In einem Interview für das amerikanische sozialistische Magazin Jacobin analysierte Loach, dass Starmer mit den Parteiausschlüssen "die Reproduktion von Blairs Partei" anstrebe. Starmer wolle "eine kleine Partei ohne problematische Aktivisten." Das sei "ein Rückzug von linken Positionen in den Bereichen öffentliches Eigentum, dem Wohnbereich, dem Wohlfahrtsstaat und der Umwelt. Ein Rückzug von einer Außenpolitik die auf internationalem Recht und den Menschenrechten basiert".
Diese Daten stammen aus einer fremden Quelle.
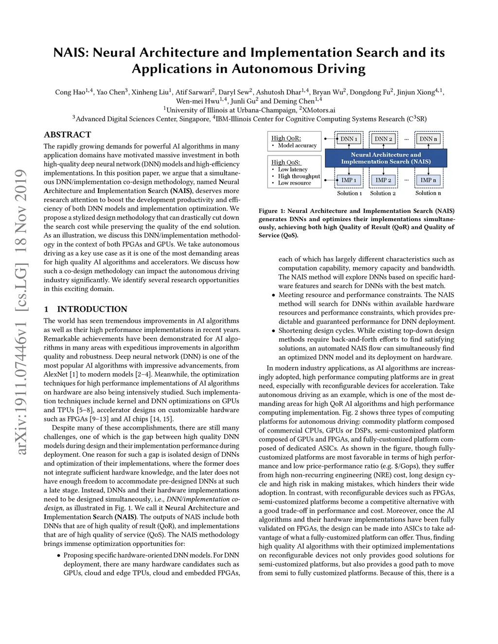 The rapidly growing demands for powerful AI algorithms in many application domains have motivated massive investment in both high-quality deep neural network (DNN) models and high-efficiency implementations. In this position paper, we argue that a simultaneous DNN/implementation co-design methodology, named Neural Architecture and Implementation Search (NAIS), deserves more research attention to boost the development productivity and efficiency of both DNN models and implementation optimization. We propose a stylized design methodology that can drastically cut down the search cost while preserving the quality of the end solution.As an illustration, we discuss this DNN/implementation methodology in the context of both FPGAs and GPUs. We take autonomous driving as a key use case as it is one of the most demanding areas for high quality AI algorithms and accelerators. We discuss how such a co-design methodology can impact the autonomous driving industry significantly. We identify several research opportunities in this exciting domain.

Linke Kritiker Starmers zitieren dieser Tage oft den linken Labour-Politiker Tony Benn, der in den 1980-er Jahren fast einmal Parteivorsitzender geworden wäre:

Wenn die Labour-Partei gezwungen oder überredet werden könnte, ihre Marxisten zu denunzieren, würden die Medien, die Blut geleckt haben, als Nächstes fordern, dass sie alle ihre Sozialisten ausschließt, um eine harmlose Alternative zu den Konservativen zu bilden, die dann hin und wieder an die Macht kommen könnte, wenn die Konservativen in der Gunst der Öffentlichkeit fallen. Auf diese Weise, so wird argumentiert, würde der britische Kapitalismus für immer gesichert und der Sozialismus von der nationalen Agenda verdrängt werden.

Tony Benn

Dieser Satz steht im Kontext der parteiinternen Auseinandersetzungen der 1980-er und 1990-er Jahre, die im Zeichen eines brutalen Machtkampfes zwischen den linken und rechten Parteiflügeln standen. Linke und marxistische Kräfte hofften damals, Labour auf einen sozialistischen Kurs orientieren zu können. Stattdessen endete die Auseinandersetzung mit dem Rauswurf ganzer Organisationen, allen voran der marxistisch orientierten "Militant Tendency".

Ein zuverlässiges B-Team für die Wirtschaft

Nachdem der linksradikale Flügel beseitigt war, konnten auch reformistisch orientierte Parteiströmungen befriedet und dem blairistischen Lager der Aufstieg ermöglicht werden. Die heutigen Auseinandersetzungen sind im Vergleich zu den damaligen Zerwürfnissen nur ein leichter Abklatsch, der Widerstand der verbliebenen Linkskräfte wird eher symbolischer Natur sein.

Widerstandsfähige Strukturen sind während der Amtszeit Corbyns kaum entstanden. "Normale" lohnabhängige Menschen wenden sich längst wieder zunehmend von der Partei ab. Starmers restriktives Vorgehen gegen abweichende Meinungen dient präzise dem Zweck, dafür zu sorgen, dass das auch so bleibt.

Labour soll so zu einem aus der Sicht britischer Wirtschaftsverbände zuverlässigen B-Team geformt werden, sollten die derzeit regierenden Tories einmal abgewirtschaftet haben. Das Konzept einer aktivistischen Massenpartei scheint vorerst gestorben.